Foto Sazalowski von F. Möllers / AVN

*Anglerboard ehrt engagierte Kämpfer für Angler und Angeln:
 Dirk Sazalowski​*

Dirk Sazalowski ist ein wahrer Kämpfer für Angler und Angeln - vor allem für junge Angler.

In Osnabrück organisierte er (zusammen mit Johannes Lohmöller) den Widerstand, als PeTA versuchte, das Ferienpassangeln für Kinder zu torpedieren.

Verband (AVN) wie Verein (NWA) reihten sich ein und kämpften mit für die Kinder.

Nach langem Hin und Her, viel Einsatz und immer wieder Störfeuer seitens PeTA wie eines  Mitarbeiters in der Verwaltung gelang es Ende doch, gegen PeTA und Verwaltung diese und weitere Veranstaltungen für Kinder durchzuführen.

Bundesweit war die ein Vorbild, viele weitere Veranstaltungen, die PeTA kinderfeindlich torpedieren wollte, fanden dank dieses positiven Beispieles dann dennoch statt.

Angelkinder trotzen Regen - und PeTA: Ferienpaßangeln Osnabrück

Wir bedanken uns bei ALLEN, die mitgeholfen haben, hier die Kinder nicht im Regen stehen zu lassen, sondern zum Angeln zu bringen.

*Wir ehren stellvertretend Dirk Sazalowski für seinen unermüdlichen Einsatz für Angler und Angeln, gerade in Verbindung mit Kindern.*

Ein leuchtendes Beispiel für alle Angler und alle organisierten Sport- und Angelfischer.
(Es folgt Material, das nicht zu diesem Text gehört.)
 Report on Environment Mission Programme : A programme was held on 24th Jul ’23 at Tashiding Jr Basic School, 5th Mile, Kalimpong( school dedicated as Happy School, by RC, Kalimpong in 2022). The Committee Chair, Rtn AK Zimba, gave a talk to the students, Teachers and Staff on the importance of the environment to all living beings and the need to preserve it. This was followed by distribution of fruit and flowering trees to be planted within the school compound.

Im Anglerboard ist Dirk Sazalowski als 
saza
unterwegs.

--------------------------------------------------------​*Dirk Sazalwoskis anglerischer Lebenslauf*

Erstes mal geangelt: 
muss um 1977 gewesen sein. Zusammen mit dem Schwiegervater meines Onkels an einem Forellenteich. Ganz klassisch mit Bambusrute und Teig. Soweit ich mich erinnere haben wir 5 Forellen für Karfreitag gefangen. Ab spätestens diesem Tag, war es um mich geschehen. 

Bis zu meinem zehnten Geburtstag bin ich dann nur durch schwarzangeln aufgefallen. 

Neidisch habe ich immer mein späteres Hausgewässer, den Aasee in Ibbenbüren, umrundet, und den anderen beim Angeln zugeschaut. 

Am Tag meine 10 Geburtstags den Jugendfischereischein vom Amt geholt., Geburtstagsgeschenk Erstausrüstung am selben Tag gekauft und mit Tageskarte ab ans Wasser.

Eine Woche später dann der ersehnte Eintritt in den ASV Ibbenbüren. 

Ab dann wurde jede freie Minute am Wasser verbracht.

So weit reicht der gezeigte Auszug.